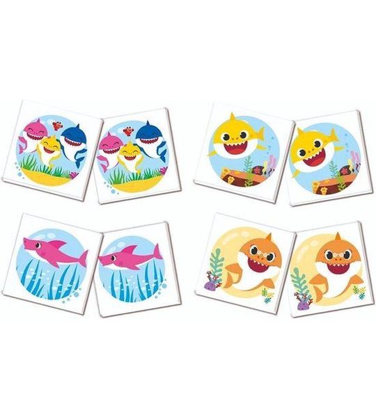 Het spel bestaat uit 48 stevige kaartjes met kleurrijke afbeeldingen van de geliefde Baby Shark karakters. Het doel van het spel is om de meeste juiste paren te vinden door middel van het omdraaien van de kaartjes. Dit zorgt niet alleen voor plezier en entertainment, maar stimuleert ook het geheugen en de concentratie van je kind.
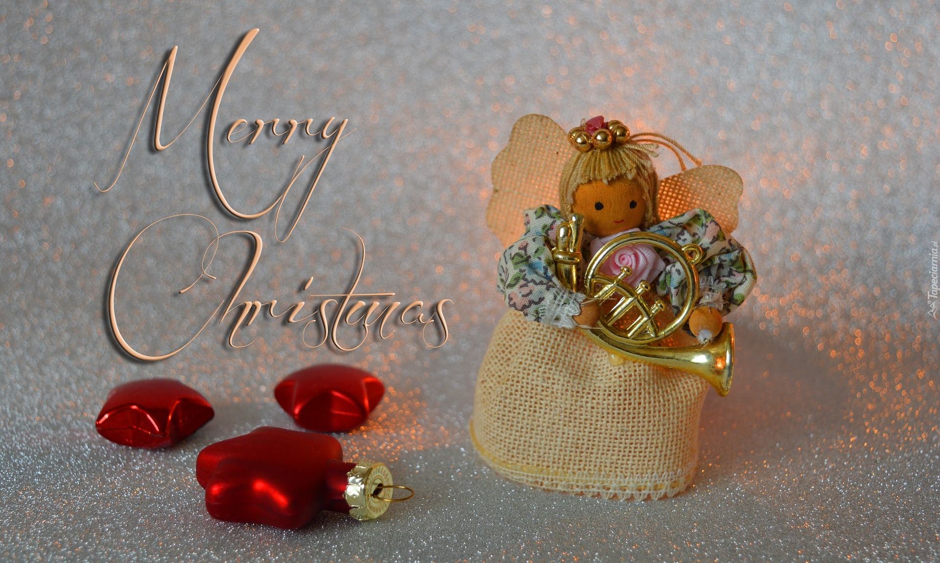 Edytor tapety: Szmaciany aniołek z trąbką obok życzeń i bombek
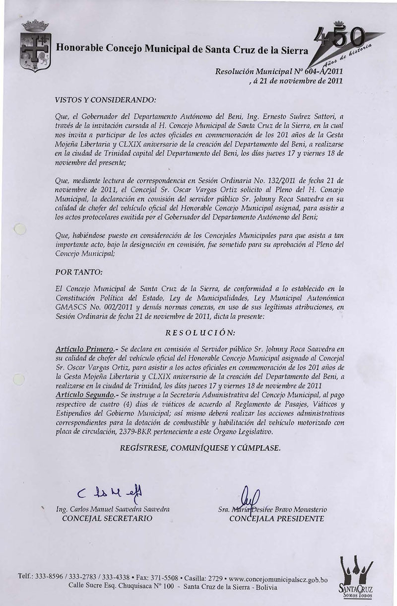 Declaran en comisión al Servidor Público Sr. Johnny Roca Saavedra, en calidad de chofer del vehiculo asignado al Concejal Vargas, para asistir a los actos oficiales en conmemoración de la Gesta Mojeña, del Departamento del Beni.

(BRIEF):
Please set the data above down exactly, with the pictures removed.

(REPLY TO THE TASK):
 Het spel bestaat uit 48 stevige kaartjes met kleurrijke afbeeldingen van de geliefde Baby Shark karakters. Het doel van het spel is om de meeste juiste paren te vinden door middel van het omdraaien van de kaartjes. Dit zorgt niet alleen voor plezier en entertainment, maar stimuleert ook het geheugen en de concentratie van je kind.
 Edytor tapety: Szmaciany aniołek z trąbką obok życzeń i bombek
 Declaran en comisión al Servidor Público Sr. Johnny Roca Saavedra, en calidad de chofer del vehiculo asignado al Concejal Vargas, para asistir a los actos oficiales en conmemoración de la Gesta Mojeña, del Departamento del Beni.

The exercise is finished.